Data for processing —
-- Opening Marker --

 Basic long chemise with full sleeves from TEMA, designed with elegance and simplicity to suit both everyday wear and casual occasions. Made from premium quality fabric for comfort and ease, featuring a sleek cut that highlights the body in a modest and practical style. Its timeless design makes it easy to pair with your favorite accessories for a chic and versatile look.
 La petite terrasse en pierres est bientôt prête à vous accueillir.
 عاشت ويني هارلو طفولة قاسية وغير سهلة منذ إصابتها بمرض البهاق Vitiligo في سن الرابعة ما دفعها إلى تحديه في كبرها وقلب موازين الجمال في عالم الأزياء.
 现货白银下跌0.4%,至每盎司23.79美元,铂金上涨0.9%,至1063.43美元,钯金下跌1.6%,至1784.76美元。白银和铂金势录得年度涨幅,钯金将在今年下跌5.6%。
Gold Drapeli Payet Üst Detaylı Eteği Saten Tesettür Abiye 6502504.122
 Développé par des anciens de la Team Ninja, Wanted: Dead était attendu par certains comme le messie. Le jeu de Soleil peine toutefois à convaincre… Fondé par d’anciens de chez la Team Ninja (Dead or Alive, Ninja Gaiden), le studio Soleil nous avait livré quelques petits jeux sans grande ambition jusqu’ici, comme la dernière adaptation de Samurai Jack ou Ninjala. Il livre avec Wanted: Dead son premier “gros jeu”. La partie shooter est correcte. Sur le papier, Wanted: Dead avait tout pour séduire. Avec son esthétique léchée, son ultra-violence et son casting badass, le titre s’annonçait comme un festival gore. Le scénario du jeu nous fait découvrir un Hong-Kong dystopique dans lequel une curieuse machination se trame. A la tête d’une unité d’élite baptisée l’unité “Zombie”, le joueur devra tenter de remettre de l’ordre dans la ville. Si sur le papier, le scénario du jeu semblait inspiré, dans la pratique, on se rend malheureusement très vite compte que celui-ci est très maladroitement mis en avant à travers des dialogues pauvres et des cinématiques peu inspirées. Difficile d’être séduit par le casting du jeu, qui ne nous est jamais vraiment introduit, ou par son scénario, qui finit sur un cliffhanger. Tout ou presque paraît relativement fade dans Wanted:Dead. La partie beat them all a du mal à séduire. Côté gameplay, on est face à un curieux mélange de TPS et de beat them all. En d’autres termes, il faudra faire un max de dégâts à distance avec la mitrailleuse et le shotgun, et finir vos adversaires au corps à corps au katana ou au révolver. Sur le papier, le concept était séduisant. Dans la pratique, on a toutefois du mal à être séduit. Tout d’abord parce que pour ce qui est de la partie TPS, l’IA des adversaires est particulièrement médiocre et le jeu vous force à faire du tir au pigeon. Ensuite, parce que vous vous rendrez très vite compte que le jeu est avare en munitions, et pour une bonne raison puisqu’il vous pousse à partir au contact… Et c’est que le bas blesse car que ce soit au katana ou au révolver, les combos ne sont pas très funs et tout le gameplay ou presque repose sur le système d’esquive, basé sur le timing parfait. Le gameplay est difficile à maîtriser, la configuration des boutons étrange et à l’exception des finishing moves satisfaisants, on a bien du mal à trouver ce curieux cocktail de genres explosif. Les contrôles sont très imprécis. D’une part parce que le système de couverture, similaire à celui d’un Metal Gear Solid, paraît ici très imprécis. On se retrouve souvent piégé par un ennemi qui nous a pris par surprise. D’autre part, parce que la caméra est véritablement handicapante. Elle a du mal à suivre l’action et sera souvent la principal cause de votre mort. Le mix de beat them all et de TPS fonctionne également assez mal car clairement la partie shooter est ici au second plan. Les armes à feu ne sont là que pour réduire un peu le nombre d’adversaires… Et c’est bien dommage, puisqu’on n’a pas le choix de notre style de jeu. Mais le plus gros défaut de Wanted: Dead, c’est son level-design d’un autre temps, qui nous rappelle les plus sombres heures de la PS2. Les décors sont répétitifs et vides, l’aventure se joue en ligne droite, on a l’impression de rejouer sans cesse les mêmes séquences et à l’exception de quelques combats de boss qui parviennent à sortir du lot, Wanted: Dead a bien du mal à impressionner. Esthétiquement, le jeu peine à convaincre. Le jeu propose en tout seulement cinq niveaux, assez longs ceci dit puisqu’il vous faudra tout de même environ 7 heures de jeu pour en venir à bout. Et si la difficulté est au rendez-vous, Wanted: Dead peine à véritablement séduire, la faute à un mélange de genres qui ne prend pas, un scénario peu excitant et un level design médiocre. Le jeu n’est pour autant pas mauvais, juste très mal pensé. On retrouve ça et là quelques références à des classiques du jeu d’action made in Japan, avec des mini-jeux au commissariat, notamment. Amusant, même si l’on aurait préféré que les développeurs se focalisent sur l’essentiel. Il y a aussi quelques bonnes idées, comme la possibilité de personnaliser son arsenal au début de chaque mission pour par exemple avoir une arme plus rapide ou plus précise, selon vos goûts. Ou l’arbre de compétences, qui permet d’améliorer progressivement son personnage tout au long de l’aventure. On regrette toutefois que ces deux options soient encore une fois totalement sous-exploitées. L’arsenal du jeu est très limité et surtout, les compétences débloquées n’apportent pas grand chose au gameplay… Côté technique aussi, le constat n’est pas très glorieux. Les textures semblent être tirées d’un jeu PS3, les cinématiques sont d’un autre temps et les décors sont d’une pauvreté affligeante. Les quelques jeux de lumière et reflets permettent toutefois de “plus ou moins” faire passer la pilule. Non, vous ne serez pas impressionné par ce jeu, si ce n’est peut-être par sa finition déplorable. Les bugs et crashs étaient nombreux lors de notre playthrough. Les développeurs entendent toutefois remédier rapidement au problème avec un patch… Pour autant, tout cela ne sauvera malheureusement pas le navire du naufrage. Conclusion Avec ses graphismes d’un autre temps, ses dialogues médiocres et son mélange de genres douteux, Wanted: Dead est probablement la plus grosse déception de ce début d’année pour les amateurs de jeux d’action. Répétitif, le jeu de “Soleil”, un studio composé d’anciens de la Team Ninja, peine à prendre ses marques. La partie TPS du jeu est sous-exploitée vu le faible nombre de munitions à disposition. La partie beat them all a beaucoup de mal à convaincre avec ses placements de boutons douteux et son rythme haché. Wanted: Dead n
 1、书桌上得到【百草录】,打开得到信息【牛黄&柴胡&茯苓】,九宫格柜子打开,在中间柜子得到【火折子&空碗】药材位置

-- Closing Marker --

Problem requirements —
Produce an exact copy of every entry above.

Response —
 Basic long chemise with full sleeves from TEMA, designed with elegance and simplicity to suit both everyday wear and casual occasions. Made from premium quality fabric for comfort and ease, featuring a sleek cut that highlights the body in a modest and practical style. Its timeless design makes it easy to pair with your favorite accessories for a chic and versatile look.
 La petite terrasse en pierres est bientôt prête à vous accueillir.
 عاشت ويني هارلو طفولة قاسية وغير سهلة منذ إصابتها بمرض البهاق Vitiligo في سن الرابعة ما دفعها إلى تحديه في كبرها وقلب موازين الجمال في عالم الأزياء.
 现货白银下跌0.4%,至每盎司23.79美元,铂金上涨0.9%,至1063.43美元,钯金下跌1.6%,至1784.76美元。白银和铂金势录得年度涨幅,钯金将在今年下跌5.6%。
Gold Drapeli Payet Üst Detaylı Eteği Saten Tesettür Abiye 6502504.122
 Développé par des anciens de la Team Ninja, Wanted: Dead était attendu par certains comme le messie. Le jeu de Soleil peine toutefois à convaincre… Fondé par d’anciens de chez la Team Ninja (Dead or Alive, Ninja Gaiden), le studio Soleil nous avait livré quelques petits jeux sans grande ambition jusqu’ici, comme la dernière adaptation de Samurai Jack ou Ninjala. Il livre avec Wanted: Dead son premier “gros jeu”. La partie shooter est correcte. Sur le papier, Wanted: Dead avait tout pour séduire. Avec son esthétique léchée, son ultra-violence et son casting badass, le titre s’annonçait comme un festival gore. Le scénario du jeu nous fait découvrir un Hong-Kong dystopique dans lequel une curieuse machination se trame. A la tête d’une unité d’élite baptisée l’unité “Zombie”, le joueur devra tenter de remettre de l’ordre dans la ville. Si sur le papier, le scénario du jeu semblait inspiré, dans la pratique, on se rend malheureusement très vite compte que celui-ci est très maladroitement mis en avant à travers des dialogues pauvres et des cinématiques peu inspirées. Difficile d’être séduit par le casting du jeu, qui ne nous est jamais vraiment introduit, ou par son scénario, qui finit sur un cliffhanger. Tout ou presque paraît relativement fade dans Wanted:Dead. La partie beat them all a du mal à séduire. Côté gameplay, on est face à un curieux mélange de TPS et de beat them all. En d’autres termes, il faudra faire un max de dégâts à distance avec la mitrailleuse et le shotgun, et finir vos adversaires au corps à corps au katana ou au révolver. Sur le papier, le concept était séduisant. Dans la pratique, on a toutefois du mal à être séduit. Tout d’abord parce que pour ce qui est de la partie TPS, l’IA des adversaires est particulièrement médiocre et le jeu vous force à faire du tir au pigeon. Ensuite, parce que vous vous rendrez très vite compte que le jeu est avare en munitions, et pour une bonne raison puisqu’il vous pousse à partir au contact… Et c’est que le bas blesse car que ce soit au katana ou au révolver, les combos ne sont pas très funs et tout le gameplay ou presque repose sur le système d’esquive, basé sur le timing parfait. Le gameplay est difficile à maîtriser, la configuration des boutons étrange et à l’exception des finishing moves satisfaisants, on a bien du mal à trouver ce curieux cocktail de genres explosif. Les contrôles sont très imprécis. D’une part parce que le système de couverture, similaire à celui d’un Metal Gear Solid, paraît ici très imprécis. On se retrouve souvent piégé par un ennemi qui nous a pris par surprise. D’autre part, parce que la caméra est véritablement handicapante. Elle a du mal à suivre l’action et sera souvent la principal cause de votre mort. Le mix de beat them all et de TPS fonctionne également assez mal car clairement la partie shooter est ici au second plan. Les armes à feu ne sont là que pour réduire un peu le nombre d’adversaires… Et c’est bien dommage, puisqu’on n’a pas le choix de notre style de jeu. Mais le plus gros défaut de Wanted: Dead, c’est son level-design d’un autre temps, qui nous rappelle les plus sombres heures de la PS2. Les décors sont répétitifs et vides, l’aventure se joue en ligne droite, on a l’impression de rejouer sans cesse les mêmes séquences et à l’exception de quelques combats de boss qui parviennent à sortir du lot, Wanted: Dead a bien du mal à impressionner. Esthétiquement, le jeu peine à convaincre. Le jeu propose en tout seulement cinq niveaux, assez longs ceci dit puisqu’il vous faudra tout de même environ 7 heures de jeu pour en venir à bout. Et si la difficulté est au rendez-vous, Wanted: Dead peine à véritablement séduire, la faute à un mélange de genres qui ne prend pas, un scénario peu excitant et un level design médiocre. Le jeu n’est pour autant pas mauvais, juste très mal pensé. On retrouve ça et là quelques références à des classiques du jeu d’action made in Japan, avec des mini-jeux au commissariat, notamment. Amusant, même si l’on aurait préféré que les développeurs se focalisent sur l’essentiel. Il y a aussi quelques bonnes idées, comme la possibilité de personnaliser son arsenal au début de chaque mission pour par exemple avoir une arme plus rapide ou plus précise, selon vos goûts. Ou l’arbre de compétences, qui permet d’améliorer progressivement son personnage tout au long de l’aventure. On regrette toutefois que ces deux options soient encore une fois totalement sous-exploitées. L’arsenal du jeu est très limité et surtout, les compétences débloquées n’apportent pas grand chose au gameplay… Côté technique aussi, le constat n’est pas très glorieux. Les textures semblent être tirées d’un jeu PS3, les cinématiques sont d’un autre temps et les décors sont d’une pauvreté affligeante. Les quelques jeux de lumière et reflets permettent toutefois de “plus ou moins” faire passer la pilule. Non, vous ne serez pas impressionné par ce jeu, si ce n’est peut-être par sa finition déplorable. Les bugs et crashs étaient nombreux lors de notre playthrough. Les développeurs entendent toutefois remédier rapidement au problème avec un patch… Pour autant, tout cela ne sauvera malheureusement pas le navire du naufrage. Conclusion Avec ses graphismes d’un autre temps, ses dialogues médiocres et son mélange de genres douteux, Wanted: Dead est probablement la plus grosse déception de ce début d’année pour les amateurs de jeux d’action. Répétitif, le jeu de “Soleil”, un studio composé d’anciens de la Team Ninja, peine à prendre ses marques. La partie TPS du jeu est sous-exploitée vu le faible nombre de munitions à disposition. La partie beat them all a beaucoup de mal à convaincre avec ses placements de boutons douteux et son rythme haché. Wanted: Dead n
 1、书桌上得到【百草录】,打开得到信息【牛黄&柴胡&茯苓】,九宫格柜子打开,在中间柜子得到【火折子&空碗】药材位置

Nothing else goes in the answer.